Provided material =
# # # # #

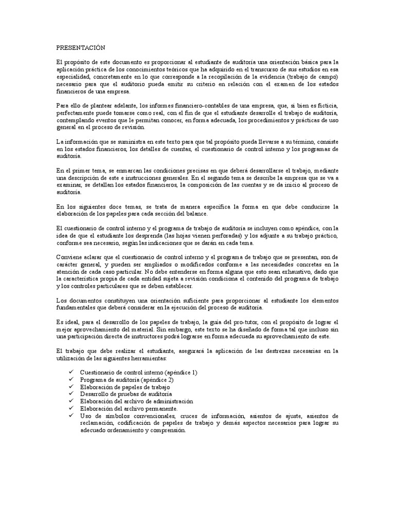 El propsito de este documento es proporcionar al estudiante de auditora una orientacin bsica para la
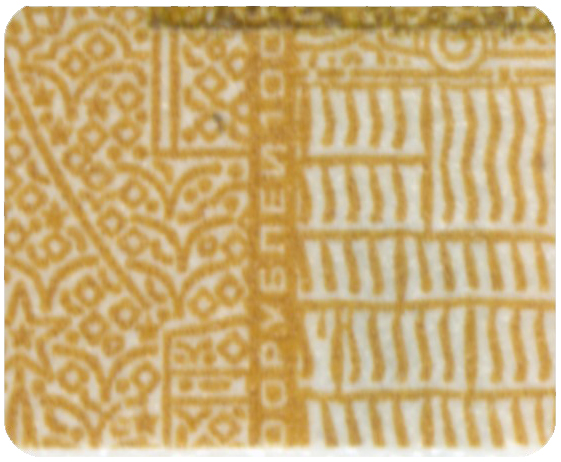 В бумагу внедрены защитные волокна двух типов — цветные с чередующимися участками красного и синего цветов и волокна серого цвета.
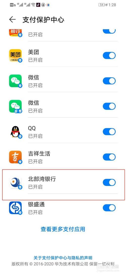 华为手机如何关闭北部湾银行支付保护中心
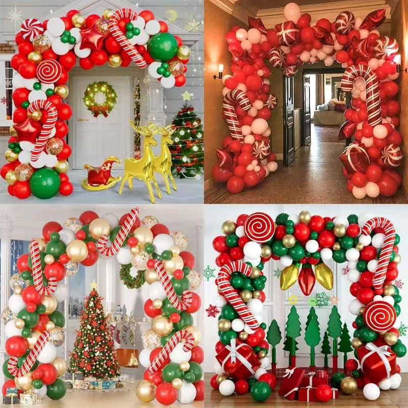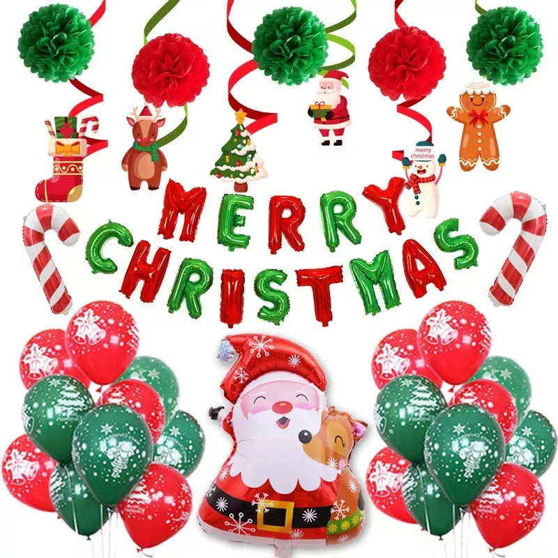 Temadesign: Aluminiumfilmballonger i form av julgodisrott, jultomten, julgranar, älg, etc., guldstjärnfärgade pappersballonger, röda och gröna klassiska matchande ballonger, etc. för att tillgodose behoven hos semestertema.

# # # # #

What is being asked = Across the whole listing, reproduce each line verbatim and exclude every picture.

Problem solution =
 El propsito de este documento es proporcionar al estudiante de auditora una orientacin bsica para la
 В бумагу внедрены защитные волокна двух типов — цветные с чередующимися участками красного и синего цветов и волокна серого цвета.
 华为手机如何关闭北部湾银行支付保护中心
 Temadesign: Aluminiumfilmballonger i form av julgodisrott, jultomten, julgranar, älg, etc., guldstjärnfärgade pappersballonger, röda och gröna klassiska matchande ballonger, etc. för att tillgodose behoven hos semestertema.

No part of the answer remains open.